Sabathia's dominance was evident early on the in the game, and he was pitching as if he wouldn't be denied. He put the team on his shoulders. The Yankees’ bats woke up just enough, after a rough series at the plate, to give him the hard-fought, yet easy victory. Even Sabathia's teammates marveled at his masterpiece.

“Player of the game,” Nick Swisher said of Sabathia. “He's our horse, he's our guy, and glad we had him on the mound tonight.”

“It's impressive” Martin said. “He was going up against a good lineup, and he just made pitch after pitch, and making hitters really uncomfortable in the box. He had all his stuff working for him today. When he's on, everyone saw it with their own eyes, he's pretty amazing.”

CC had what most would consider a down year by his standards. Being placed on the 15-day disabled list twice in 2012 almost stunted his ability to get into a groove. Throughout the big lefty’s career, there has been a portion of each season where he has been almost unhittable. That dominance wasn't present in 2012 until he got some momentum going at the end of the season. But he’s carried it into the postseason. Over his last five starts, including ALDS Games 1 and 5, he is 5-0 with a 1.51 ERA, striking out 44 in 41 2/3 innings while holding opponents to a .170 batting average.

“We have so much belief in CC,” Girardi boasted. “You think of what he has done since he got here. It's been an unbelievable run for him. He went through his ups and downs because of some injuries this year, but he's gotten it right again, and it's vintage CC.”

In a tightly contested American League Division Series and a season series that were split evenly through 22 games, runs were at a premium. He didn't allow the Orioles to take control or swing momentum back at any point. Baltimore's quality hitters just couldn't get anything going, being fooled pitch after pitch. His velocity even reached 94 and 95 mph at certain points, a milestone the fireballer has pretty much failed to reach all season.

CC finished the series with two of the three Yankees victories, throwing 17 2/3 innings and sporting a miniscule 1.53 ERA while striking out 16 and walking only three. The Orioles could only muster up 12 hits against him in the two games, sporting a .190 average. His 17 2/3 innings pitched are the second-most innings thrown in a series since divisional play began in 1995, with Curt Schilling throwing 18 innings in the 2001 NLDS.

“It’s what I am here for,” Sabathia said. “It’s what I play the game for. I guess I should feel, you know, a little pressure or something like that, but I don't. I mean, I feel like that every time out.  It can be Game 1, it can be Game 5, it doesn't matter. You know, I feel like I need to go out and win every time out. And I think that takes a lot of pressure off me, the outside pressure off me.
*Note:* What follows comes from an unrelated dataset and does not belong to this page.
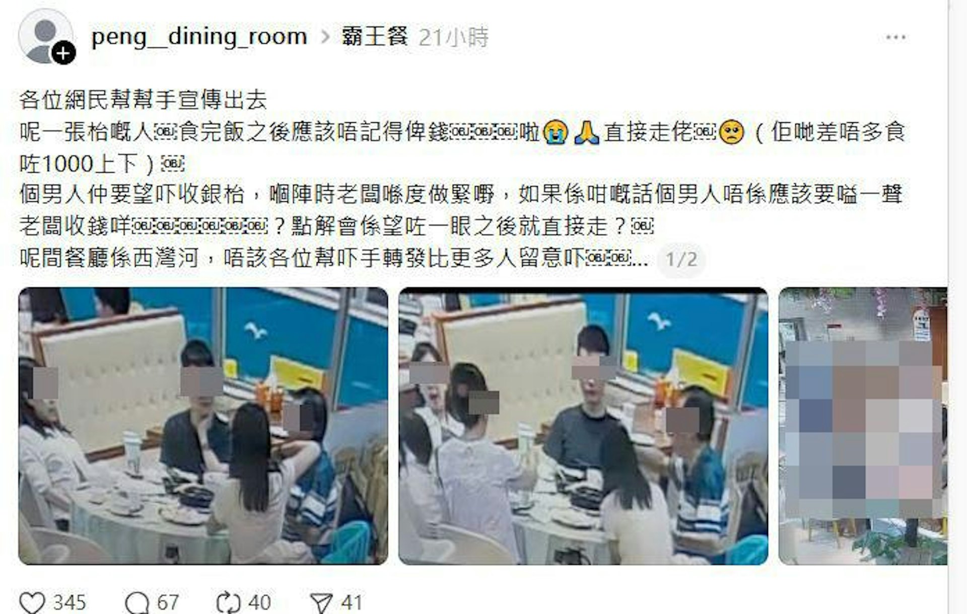 ! L( v# t/ u+ f! W- {+ y' V西灣河鵬翔廚房於社交平台發布閉路電視(CCTV)影片,指日前有一家6口到店用餐,埋單約1,000元,卻沒有付款就離開。(Threads@peng__dining_room)os.tvboxnow.com/ t. E, C5 n5 p6 ~

I put so much pressure on myself to go out and perform well, that I expect it.”

For as much as he has struggled at times, Sabathia has been a big-time stopper in 2012. The Yankees needed him to bring that magic one more time -- after a loss -- in this pivotal Game 5 where the loser went home. He improved to 8-1 with a 2.48 ERA over the 11 starts he’s made following a loss this season, and the eighth victory was certainly the most important.

Sabathia, who was a huge reason why the Yankees won the World Series in 2009, improved to 7-1 in 12 postseason starts since joining the Bombers. They are certainly going to need this stretch to continue, as they will now face off against the Detroit Tigers, who have arguably the best hitter and best pitcher in the game, Miguel Cabrera and Justin Verlander.

CC is a big reason why the Yankees are moving on in 2012, but the Yankees as a whole followed the league of their big horse and pitched truly one of the greatest series in the history of the franchise. In the five-game set, the pitching staff as a whole boasted a 1.76 ERA, which is now the single lowest ERA for a pitching staff in Divisional Series play. That type of pitching supremacy for a staff all starts with the authority of a staff ace, and Sabathia proved once again that if the Yankees are to win a world championship, they will have to do it on the back of their No. 1.